Sottsass also designed his own print. This was a squiggles print also known as Bacterio print. For the print, Sottsass used inspiration from the surface texture and form of a Buddhist temple in Madurai, India, he then abstracted this detail into the squiggles he named Bacterio. This pattern was then used on their furniture designs in as veneers and textiles.

The Memphis Group was a postmodern, collaborative, architecture and design group founded by Sottsass in Milan Italy. The group focused heavily on furniture design with an emphasis on unconventional types. The designers became well known for their bright and bold pieces with clashing colors. At the time, furniture was solely meant to be functional. However, the Memphis Group sought to prove otherwise with their highly decorative pieces. They poked fun at everyday pieces and turned them into works of art. Many criticized and said it was just a trend that wouldn’t last. Their unconventional ideas were controversial but have now become widely recognized and appreciated. The work continues to be influential throughout the world and can be seen in the Art Institute of Chicago, the Design Museum in London, The Museum of Modern Art in New York and many others.

Sottsass Associati

As the Memphis movement in the 1980s attracted attention worldwide for its energy and flamboyance, Ettore Sottsass began assembling a major design consultancy, which he named Sottsass Associati. Sottsass Associati was established in 1980 and gave the possibility to build architecture on a substantial scale as well as to design for large international industries. Besides Ettore Sottsass, the others founding members were Aldo Cibic, Marco Marabelli, Matteo Thun and Marco Zanini. Later, also Johanna Grawunder, Marco Susani, James Irvine, and Mike Ryan will join the firm.
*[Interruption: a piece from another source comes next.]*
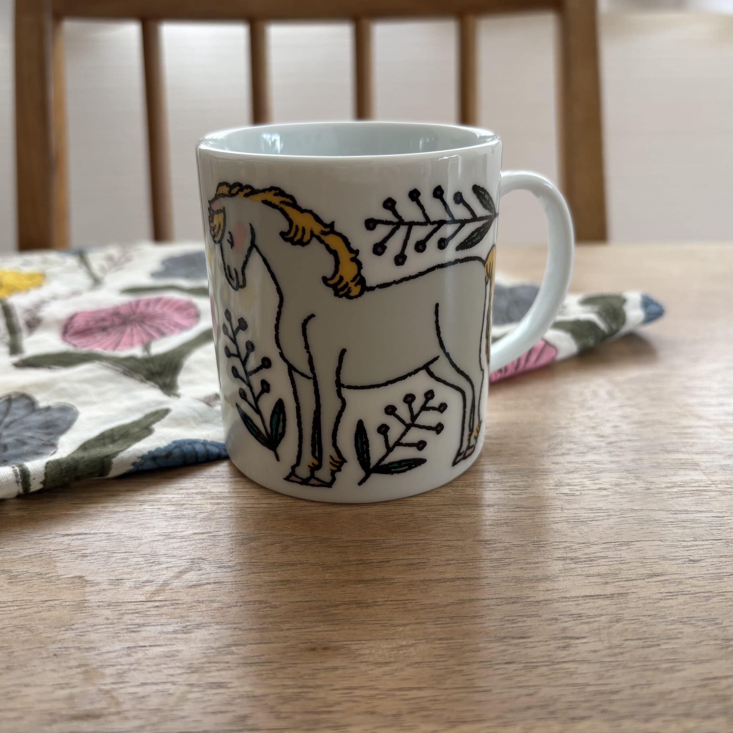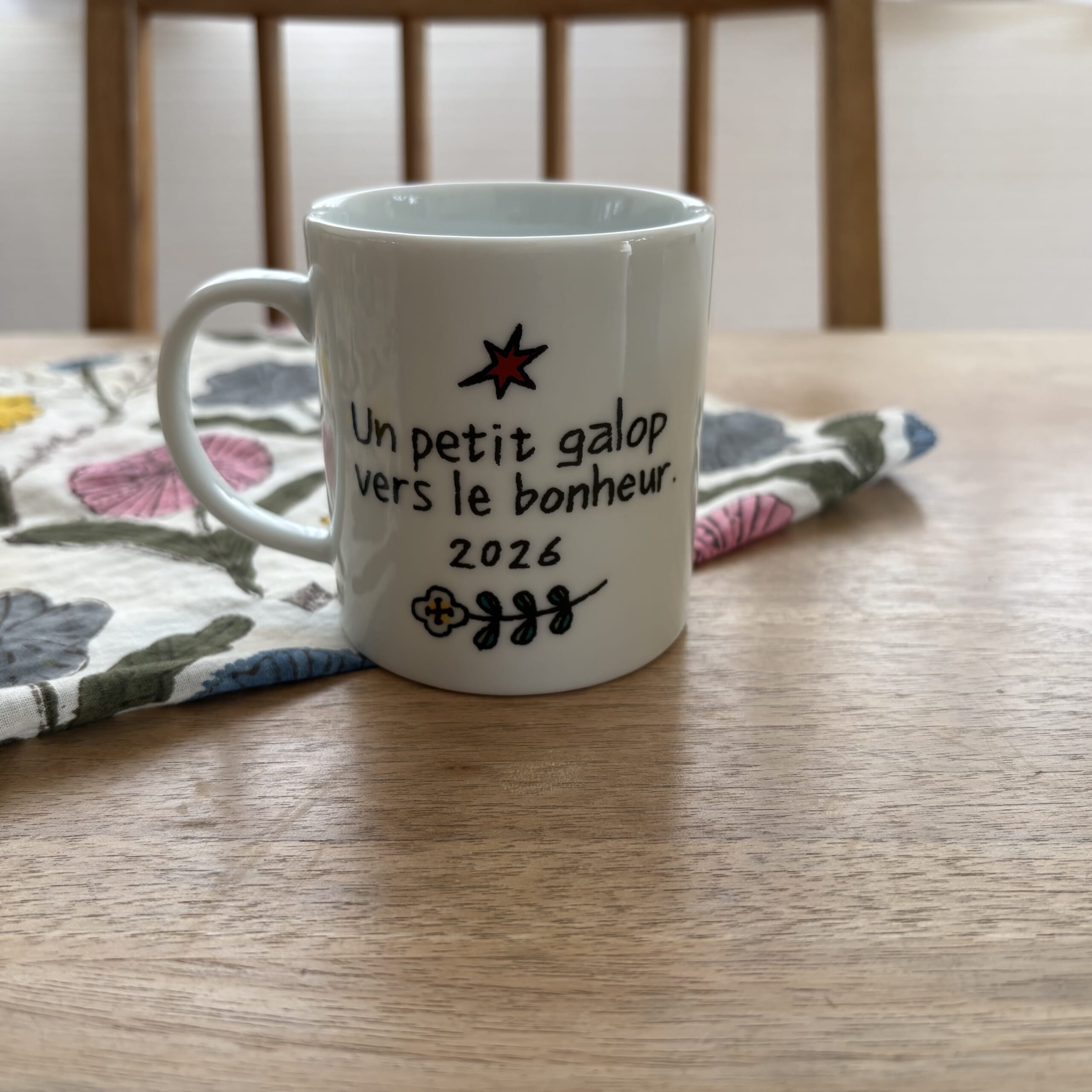 あと一つ何かないかな??と思っていた時、以前より度々ブログに登場している「dieci」さんのSNSで知ったマグカップ。鹿児島睦さんによるプロダクトで、干支(午)デザインのマグカップを購入しました。

In 1985, Sottsass left Memphis to focus on the Associati.

Sottsass Associati, primarily an architectural practice, also designed elaborate stores and showrooms for Esprit, identities for Alessi, exhibitions, interiors, consumer electronics in Japan and furniture of all kinds. The studio was based on the cultural guidance of Ettore Sottsass and the work conducted by its many young associates, who quite often left to open their own studios. Sottsass Associati is now based in London and Milan and continue to sustain the work, philosophy and culture of the studio.

The studio works with former members of Memphis as well as with the architect Johanna Grawunder. It works for major companies like Apple, Philips, Siemens, Zanotta, Fiat, Alessi, and also realises the interior design of all the retail shops of Esprit (Esprit Holdings).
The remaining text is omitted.